American designer (b. 1970s)

Dan Stiles is an American graphic artist and graphic designer, known for his rock posters. He is based in Portland, Oregon.

==Early life==
Stiles is originally from Ann Arbor, Michigan. He attended the University of Oregon (UO) in Eugene, later noting that he had "used college as an excuse to move to the Northwest" to pursue music and snowboarding. After several years working in the Pacific Northwest he moved to San Francisco in 1996 to study design at the California College of the Arts (CCA).
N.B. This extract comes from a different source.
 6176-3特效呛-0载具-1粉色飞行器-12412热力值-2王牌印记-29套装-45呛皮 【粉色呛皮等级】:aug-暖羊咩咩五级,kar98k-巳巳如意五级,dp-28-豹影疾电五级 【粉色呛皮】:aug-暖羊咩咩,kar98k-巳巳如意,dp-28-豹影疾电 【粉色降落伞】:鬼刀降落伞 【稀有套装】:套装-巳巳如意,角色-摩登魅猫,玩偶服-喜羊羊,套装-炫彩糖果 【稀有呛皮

He lived and worked in San Francisco for 7 years, before returning to Portland, Oregon in 2001.

==Career==
While at UO, he began his career as an artist by drawing rock posters. Soon, Stiles learned how to silkscreen posters and moved into digital illustration. Stiles has since remarked on how digital creation is a more freeing process. "With a computer... you can draw all of this stuff and then... throw [it] out, keep going," he remarked in an interview with WeMake.
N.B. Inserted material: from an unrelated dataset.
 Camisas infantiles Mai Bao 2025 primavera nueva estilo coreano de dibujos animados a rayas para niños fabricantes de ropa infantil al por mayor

After gaining notoriety with his poster art, Stiles attracted the attention of brands like Nike, AT&T, Birch Fabrics, IBM, and the X Games. He has also worked on projects for bands like Band of Horses, Feist, Death Cab for Cutie, Vampire Weekend, Hot Chip, and Arcade Fire.

PowerHouse Books released a monograph of his work entitled One Thing Leads to Another (2015). Stiles has also authored several books with POW!, the children's division of powerHouse Books. These include Put on Your Shoes!, Baby's First Book Blocks, and Today I'm Going to Wear...

Stiles appears in the rock poster documentary film, Just like Being There (2012).

==Style==
Stiles utilizes colorful geometric shapes in a style that has been described as "punk rock modern" and "pop folk." He is usually allowed a fair amount of creative control in his work; Stiles told WeMake that bands often tell him to "just do something cool." According to Stiles, each of his posters has its own significance, as he views them as "his children."